● **WHAT YOU SHOULD DO**:
Using the data below, set down every line from the one containing "Men's Casual Thermal" through the one containing "2 poches latérales, 2", inclusive and unchanged. Pictures are to be skipped.

● **RECORDS SHOWN**:
------------------------
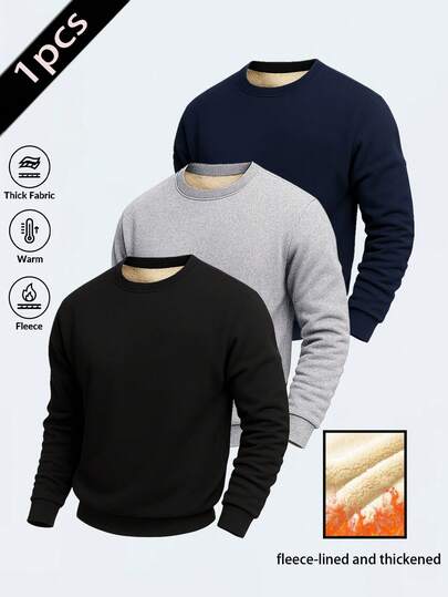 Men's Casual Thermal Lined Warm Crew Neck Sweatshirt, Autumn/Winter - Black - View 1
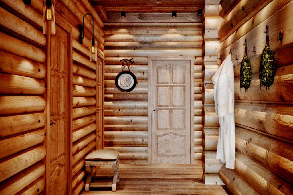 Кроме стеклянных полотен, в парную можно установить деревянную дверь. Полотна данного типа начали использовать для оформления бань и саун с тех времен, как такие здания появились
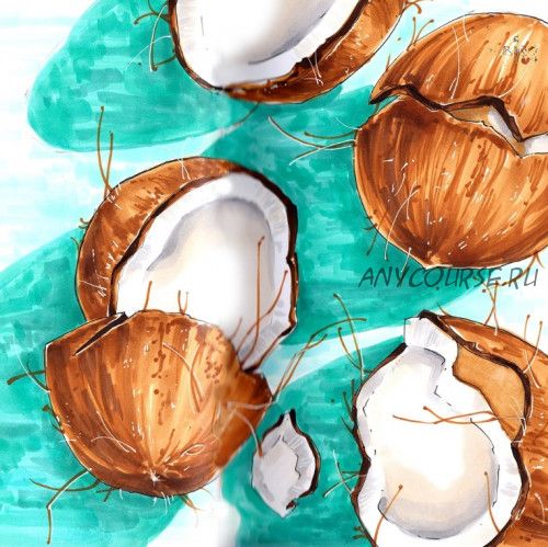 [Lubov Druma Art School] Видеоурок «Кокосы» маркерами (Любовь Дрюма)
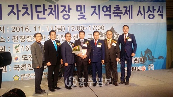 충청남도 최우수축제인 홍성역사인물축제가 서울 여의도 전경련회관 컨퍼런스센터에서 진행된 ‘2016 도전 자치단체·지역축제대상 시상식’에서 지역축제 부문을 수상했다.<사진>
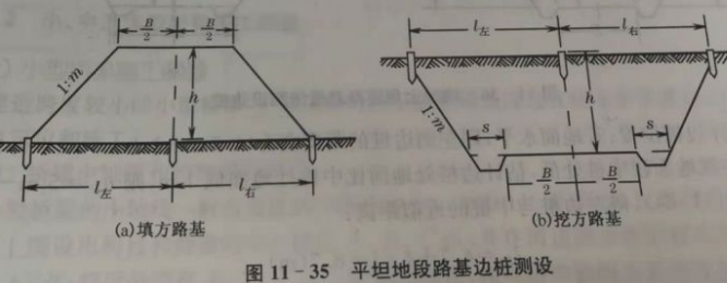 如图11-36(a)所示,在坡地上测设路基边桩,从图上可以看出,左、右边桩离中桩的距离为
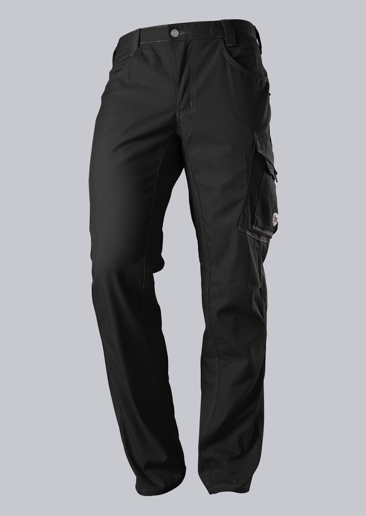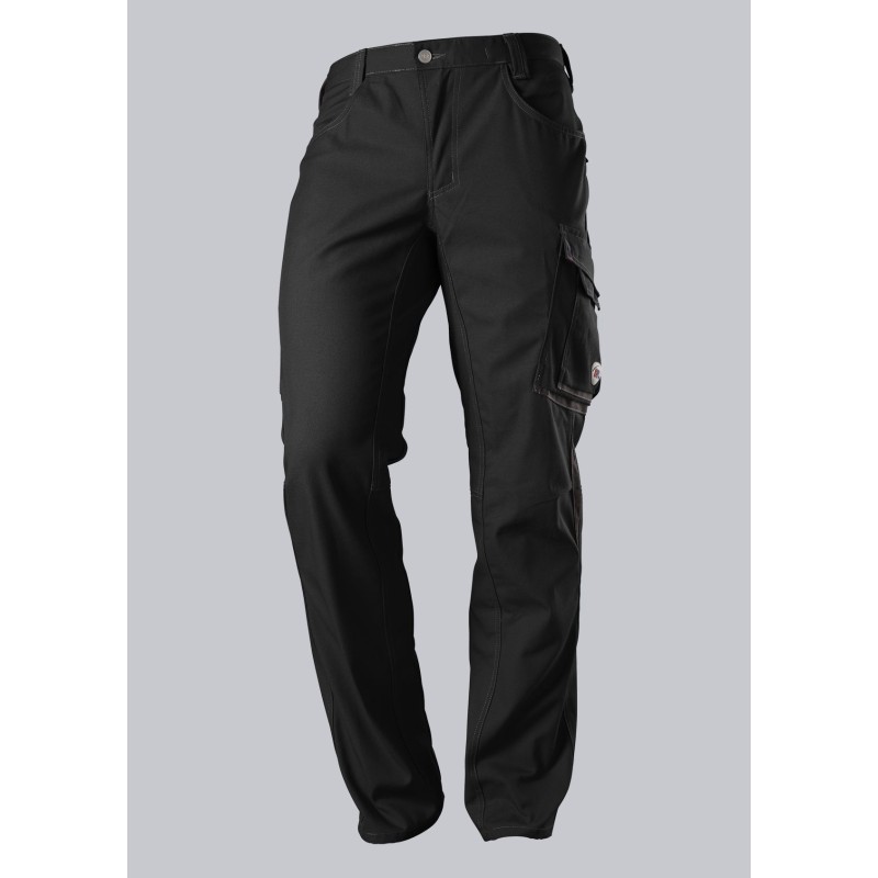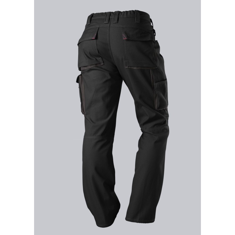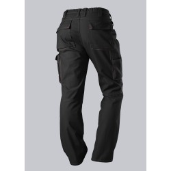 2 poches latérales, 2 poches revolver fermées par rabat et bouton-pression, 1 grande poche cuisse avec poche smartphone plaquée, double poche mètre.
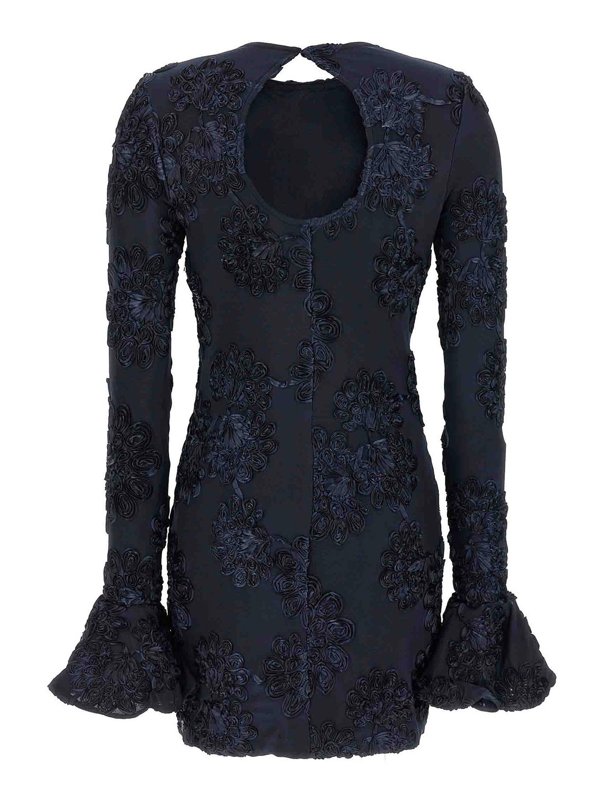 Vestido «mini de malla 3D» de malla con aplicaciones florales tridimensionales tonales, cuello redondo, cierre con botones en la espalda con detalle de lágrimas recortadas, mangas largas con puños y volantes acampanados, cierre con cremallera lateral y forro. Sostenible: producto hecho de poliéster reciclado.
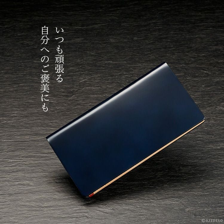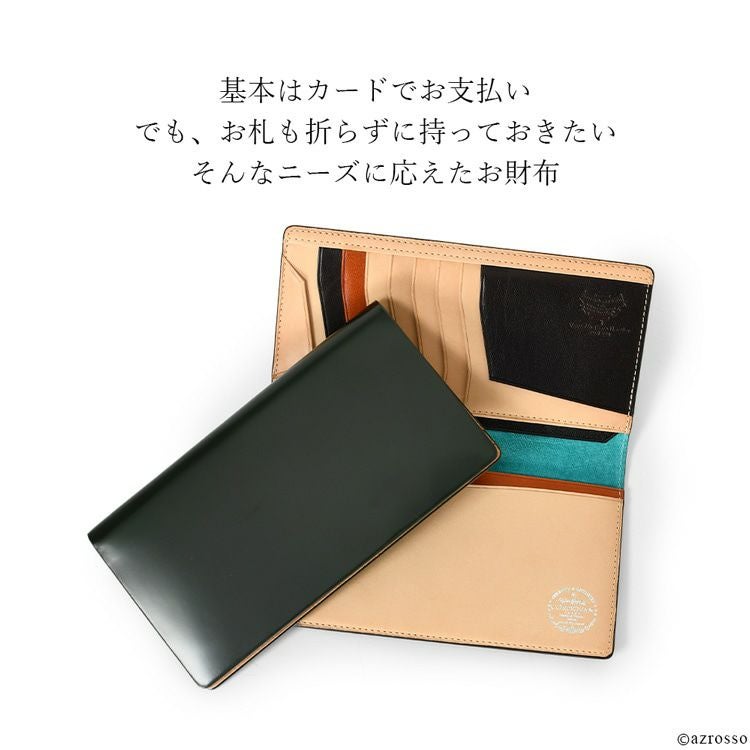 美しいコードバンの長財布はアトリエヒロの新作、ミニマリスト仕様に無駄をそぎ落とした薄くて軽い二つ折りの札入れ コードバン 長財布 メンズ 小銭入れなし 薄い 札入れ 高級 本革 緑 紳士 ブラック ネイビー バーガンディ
------------------------
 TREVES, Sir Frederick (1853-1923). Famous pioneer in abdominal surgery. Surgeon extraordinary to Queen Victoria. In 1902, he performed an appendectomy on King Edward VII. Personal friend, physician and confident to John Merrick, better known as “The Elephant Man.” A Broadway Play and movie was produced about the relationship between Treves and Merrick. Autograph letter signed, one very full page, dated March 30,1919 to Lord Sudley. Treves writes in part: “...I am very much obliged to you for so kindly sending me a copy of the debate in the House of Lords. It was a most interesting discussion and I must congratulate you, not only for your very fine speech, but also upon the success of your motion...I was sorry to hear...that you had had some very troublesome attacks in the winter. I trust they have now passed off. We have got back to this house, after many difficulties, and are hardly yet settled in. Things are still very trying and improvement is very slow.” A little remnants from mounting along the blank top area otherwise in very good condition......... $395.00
------------------------
● **ANSWER BOX**:
 Men's Casual Thermal Lined Warm Crew Neck Sweatshirt, Autumn/Winter - Black - View 1
 Кроме стеклянных полотен, в парную можно установить деревянную дверь. Полотна данного типа начали использовать для оформления бань и саун с тех времен, как такие здания появились
 [Lubov Druma Art School] Видеоурок «Кокосы» маркерами (Любовь Дрюма)
 충청남도 최우수축제인 홍성역사인물축제가 서울 여의도 전경련회관 컨퍼런스센터에서 진행된 ‘2016 도전 자치단체·지역축제대상 시상식’에서 지역축제 부문을 수상했다.<사진>
 如图11-36(a)所示,在坡地上测设路基边桩,从图上可以看出,左、右边桩离中桩的距离为
 2 poches latérales, 2 poches revolver fermées par rabat et bouton-pression, 1 grande poche cuisse avec poche smartphone plaquée, double poche mètre.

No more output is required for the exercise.